In 2007, announcing the nominees for the best films of 2006, Salma Hayek (not an Oscar winner, but a former nominee for Frida) took the stage and gave what is still the best performance of an actress who read the Oscar nominations in history. There were dramatic pauses, outbursts of joy (like when her best friend Penélope Cruz received the nod for Best Actress for Go back), and an emotional climax full of tears and poignancy when Mexico Pot maze was nominated for Best Foreign Film (immediately followed by a stoic return to stoic stoicism for the final candidate, Canada Water) It was a turning point in Hayek’s bravery, and I propose to you that his intensified air of high drama amid a bureaucratic backdrop would not have been possible in the modern nomination format.
The contemporary history of the Oscar is a story of nervous turning in the hope of preventing erosion of the public. Attempts have been made to add dubious new categories, pack the show with youthful appeal, catch all possible Avengers to be presenters and run out of presenter to make the broadcast as short as possible. Unsurprisingly, the appointment morning stoicism became a target for patches before long. The 2013 announcement saw that year’s host Seth MacFarlane accompanied by Emma Stone for a 10-minute affair that positively groaned under the weight of all the bits, jokes and comedy forced on its captive pre-dawn audience. MacFarlane opened with a monologue, and Stone managed to kill the supporting actor category suspense with a little bit noting each nominee as a previous winner.

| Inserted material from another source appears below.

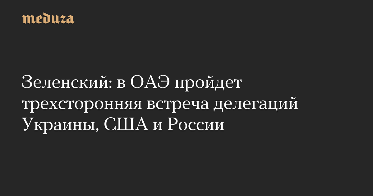 По данным журналистов Financial Times, на трехсторонней встрече в Абу-Даби, о которой заявил Зеленский, настаивают США. Украина предложение поддержала, но пока неясно, согласилась ли на переговоры Россия.

The Academy has since stepped back from anything like that year’s live theater, establishing itself in what has been a pre-recorded streaming video presentation hosted by names like Tiffany Haddish, Kumail Nanjiani and Issa Rae in recent years. And while there should be zero complaints about the talent involved – particularly when discussing the Haddish backspin put in the phrase “Call Me By Your Name” – there is something overly produced and stuffy about the new format. Look no further for evidence than the fact that the most memorable moment in the past ten years of Oscar ads came when they went back to the old format for the 2015 ad: Academy President Cheryl Boone Isaacs, accompanied by Chris Pine (no an actress, but so beautiful!), reading the nominations for Best Photography and misinterpreting Mr turnerDick Pope as Dick Poop.
One of these days, the Academy will end up pulling the trigger for a special indication that airs during prime time. It is almost a certainty. It will be an hour long and will feature six pieces of man on Jimmy Kimmel Street, and the identities of the nominees will be guessed Masked singer–Style by the hosts of In cash. It will be a circus, and we will all hate to watch it, but we will have missed something. A moment like “Dick Poop” only happens once a generation. The devastating “… and fromCanada de Salma HayekWater”It’s a comet shooting in the night sky. These are moments of madness and fabulousness against the backdrop of a morning task. You won’t be able to do that with Priyanka and Nick playing prerecorded pranks on YouTube.